Глаза принца, обыкновенно тусклые, загорелись. В них заиграла отличная от нашей чувственность — подобно тому, как язык с непонятными словами может живо играть интонациями речи. Освещенное снизу лампочкой приборной панели, вокруг которой кружились москиты, его восточное лицо казалось таким плоским, таким непроницаемым: ни один скульптор не мог бы сделать его рельефно-выпуклым или хотя бы примерно в манере лучших ваятелей. Приплюснутый нос, слабо очерченный изгиб рта, тонкая шея, высокая талия, похоже, говорили о его китайских корнях, которыми гордилась королевская семья. И только темноватая кожа и гладкие, жесткие, чересчур густые волосы (настоящая женская шевелюра), разделенные пробором и спадавшие обе стороны, выдавали в Жали полинезийское происхождение — несомненно, по материнской линии.
— Так у тебя дома, о Светоч Истины, всюду зло? — с легкой шепелявостью, которой отличалась его речь, спросил он Рено.
— Не мне учить вас — последователя Совершеннейшего, монсеньор, что всюду, где присутствует желание, присутствует опасность. Отношения людей с себе подобными можно сравнить с отношениями героев двух кинолент, прокручиваемых в противоположном направлении и в бешеном темпе. Интересы и социальные отношения стали мимолетными и неразрешимыми; отдыха — настоящего, без брома, больше нет; тишина уединения нарушена телефоном и радио, благодаря которому реклама врывается в ваш дом и бьет вас кулаком прямо в лицо. Впрочем, даже имей мы всего в избытке, мы бы все равно не были удовлетворены — настолько Запад теперь уже не может существовать, не испытывая все новых и новых потребностей. Мы живем только для того, чтобы желать.
— Соленая вода увеличивает жажду, — вставил принц.
— На протяжении столетий границей этой страсти служили человеческие возможности: наши изобретения отодвинули ее, если не уничтожили вовсе. Отчего мы — не китайцы, которые, изобретя порох, в течение двух веков пользовались им только для фейерверков? Вот мы опять и вернулись к скорости, которую вы так любите, монсеньор, и о которой мы только что говорили. Ибо это — порочный круг. Очевидно только одно — что в скорости есть нечто притягательное, нечто запретное, есть какая-то трагическая красота с непредсказуемыми последствиями, есть насущная необходимость и проклятие. Все ведет к ней — наслаждение и скука, богатство и бедность, и результат ее — это всегда еще большие разочарования, еще большие потребности, еще больше несчастных случаев, страданий, новых бездн…
От усилий, которые пришлось приложить внешне бесстрастному принцу, чтобы уследить за слишком быстрой речью Рено, у него мелко дрожали губы. Он повторял:
— Мне надо увидеть все это!
Юность на широте тропиков длится какое-то мгновение, человеческое тело без всякого перехода оказывается в зрелости; то же самое происходит и с разумом. Сказать, что ум Жали, такой податливый, пробудился благодаря встрече его с Рено, слишком мало: он буквально вспыхнул. Перед Жали открылся целый мир, и он, преодолев понемногу азиатское сопротивление всему тому, что не укладывается в рамки унаследованных верований предков, увидел этот мир, великолепный и ужасный, всем своим живым воображением.

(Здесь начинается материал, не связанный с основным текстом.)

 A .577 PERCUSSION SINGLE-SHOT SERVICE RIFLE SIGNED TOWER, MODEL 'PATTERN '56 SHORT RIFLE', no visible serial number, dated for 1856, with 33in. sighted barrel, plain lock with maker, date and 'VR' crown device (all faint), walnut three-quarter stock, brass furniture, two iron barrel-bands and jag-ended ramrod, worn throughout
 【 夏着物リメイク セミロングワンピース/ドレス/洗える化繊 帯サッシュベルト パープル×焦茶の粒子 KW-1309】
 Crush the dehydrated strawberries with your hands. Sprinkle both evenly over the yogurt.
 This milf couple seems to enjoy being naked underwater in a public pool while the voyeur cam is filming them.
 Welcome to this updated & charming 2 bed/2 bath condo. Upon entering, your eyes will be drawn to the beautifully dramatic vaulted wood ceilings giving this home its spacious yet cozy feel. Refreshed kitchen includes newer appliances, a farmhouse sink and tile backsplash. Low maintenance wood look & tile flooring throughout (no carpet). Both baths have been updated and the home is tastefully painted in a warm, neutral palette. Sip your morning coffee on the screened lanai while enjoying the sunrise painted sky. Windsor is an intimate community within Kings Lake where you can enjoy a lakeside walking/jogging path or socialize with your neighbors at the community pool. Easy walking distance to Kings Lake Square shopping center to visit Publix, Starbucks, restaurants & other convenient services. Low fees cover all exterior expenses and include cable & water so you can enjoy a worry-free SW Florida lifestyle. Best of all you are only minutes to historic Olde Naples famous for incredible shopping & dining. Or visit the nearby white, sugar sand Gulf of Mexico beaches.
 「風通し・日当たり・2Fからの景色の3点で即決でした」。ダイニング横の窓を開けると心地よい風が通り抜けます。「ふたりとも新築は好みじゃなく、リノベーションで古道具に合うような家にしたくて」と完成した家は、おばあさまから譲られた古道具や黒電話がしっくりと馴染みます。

Жали не отличался особым умом. Ему бывало даже трудно сосредоточить свои мысли, если в игру не вступала чувственность: ему была присуща неспособность, характерная для всех восточных людей, воспринимать если не абстракции вообще, то общие идеи; однако его эмоциональность открывала ему все двери, проясняла ему то, что иначе он не смог бы ухватить. Хотя он был не слишком умен, зато, как все восточные люди, — раз в десять более тонок, нежели средний европеец. В нем, и это было у него общим со многими азиатами молодого поколения, врожденные нерешительность и безразличие начинали поддаваться влиянию гибкого и быстрого ума. Врожденное великодушие и полное отсутствие тщеславия — редкие качества для маленького местного властелина — упрощали очень многие вещи, хотя и осложняли другие, в частности — его отношения с королем-отцом.

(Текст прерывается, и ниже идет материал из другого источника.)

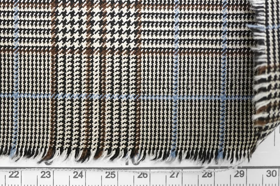 Костюмная поливискоза в клетку и гусиную лапку MAX MARA Чёрно-белая с коричневым и голубым MM H64 G50 1102542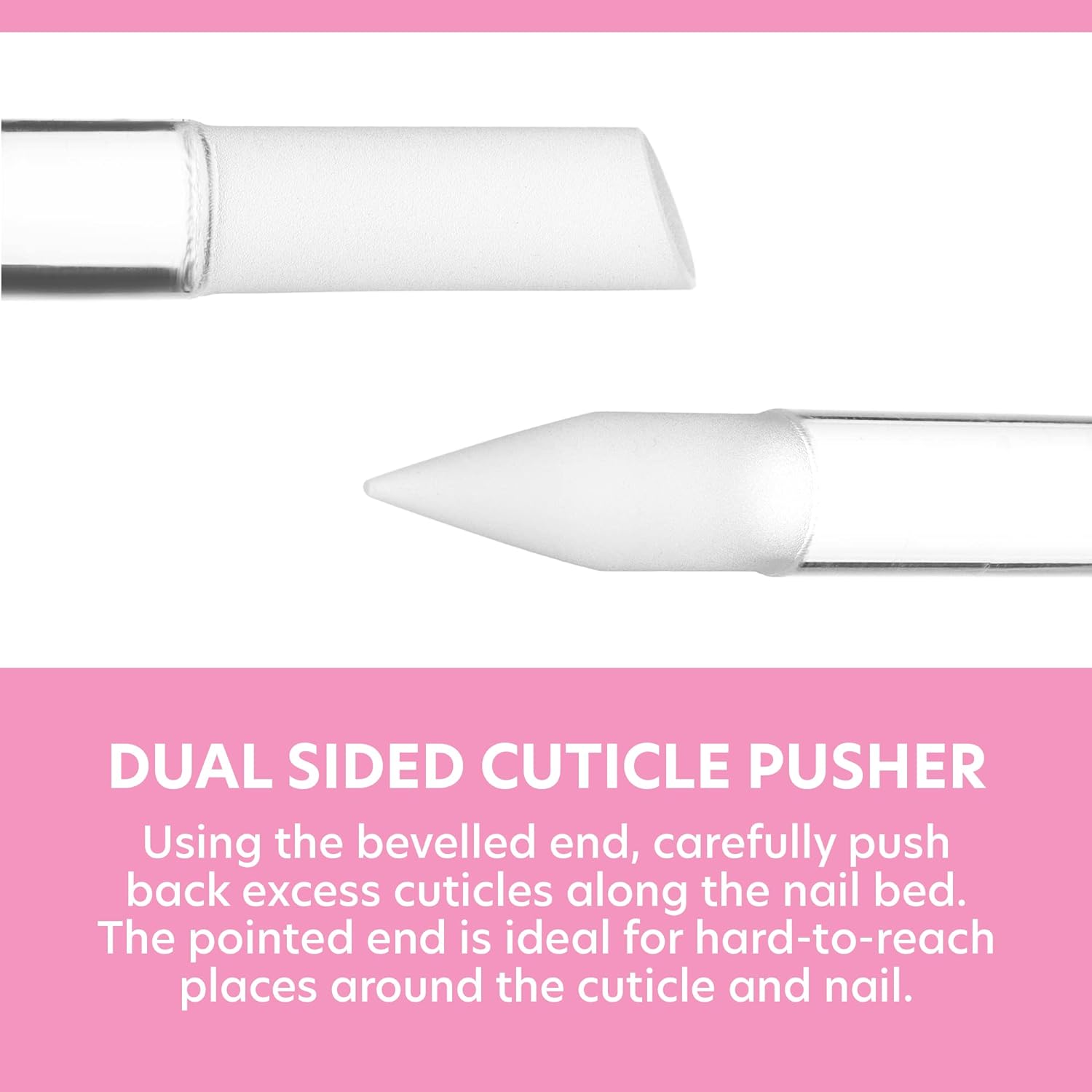 - Expertly Etched Grit for Precision: Both the pointed and slanted ends feature grit etched directly out of the glass body, providing precise and effective cuticle care without damaging your nails. The pointed end is ideal for cleaning around the nail beds, while the slanted edge can be used to carefully push back the skin to reveal more nail.

Король Индра был похож на растолстевшего от проглоченных змей ибиса: это был еще молодой, эгоистичный и грубый мужчина, диабетик. Последний абсолютный монарх Азии наряду с афганским, сиамским и непальским, он осуществлял правление, приобщая к власти сменявших друг друга фаворитов и полагая, что суть внешней политики — сталкивать лбами иностранные державы. Он тратил огромные суммы (треть государственных налогов) и свое собственное состояние, которое было довольно значительным ввиду большой доходности рисовых плантаций, на собственные нужды и удовольствия и на строительство неуютных для проживания в них дворцов, всецело следуя протокольным правилам, тратя все свое время на разные церемонии, окружая себя актерами и охотно играя тоже, несмотря на отечность ног.

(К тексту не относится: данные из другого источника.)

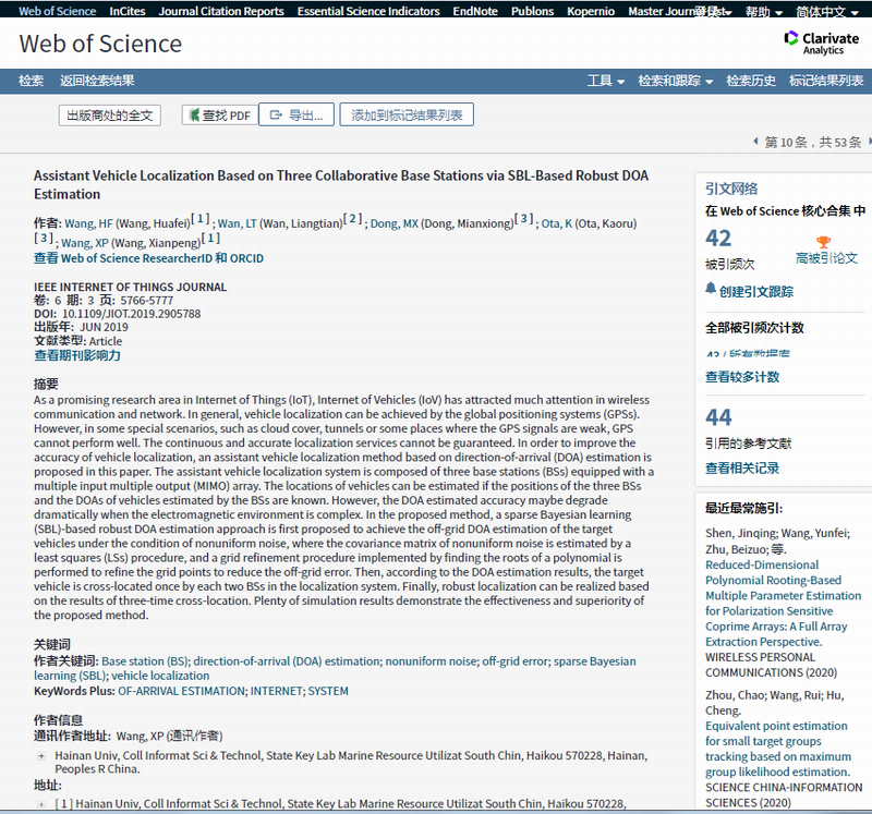 该论文于2019年6月在信息系统、电子与电气工程领域国际顶级(Top)期刊《IEEE Internet of Things Journal》(IF=9.515,中科院JCR分区工程技术1区)发表,据科睿唯安(Clarivate Analytics)公布的ESI高被引论文(Highly Cited Paper)数据,该论文至今累计被引42次,入选为由Web of Science识别的该学术领域前1%的高被引学术论文。该论文研究报道了一种以三协作MIMO雷达为基站,利用稀疏叶斯学习(SBL)获得精确的DOA信息,实现目标的辅助定位,解决在一些特殊的情况下,如云层、隧道或一些卫星信号较弱时,无法保证持续准确的定位信息服务问题。相关的成果可用于近海船舶辅助定位、车辆辅助定位以及智慧城市位置服务等相关方面。

К новым идеям, к прогрессу цивилизации он питал полнейшее презрение и принимал только самый минимум их, и то если они служили его собственному развлечению и возможности удивить подданных. Он ни разу за всю жизнь не ступил ногой на европейскую землю, а из своего короткого путешествия по Индокитаю вернулся, полный неприятия и недоумения. Он запретил у себя лифты, а во время езды по железной дороге всегда боялся, как бы тоннель не обрушился ему на голову. Он был двуличен, словно карточный король, и не останавливался перед террором: революционные движения в Карастре, поддерживаемые китайскими тайными обществами, были потоплены им в крови.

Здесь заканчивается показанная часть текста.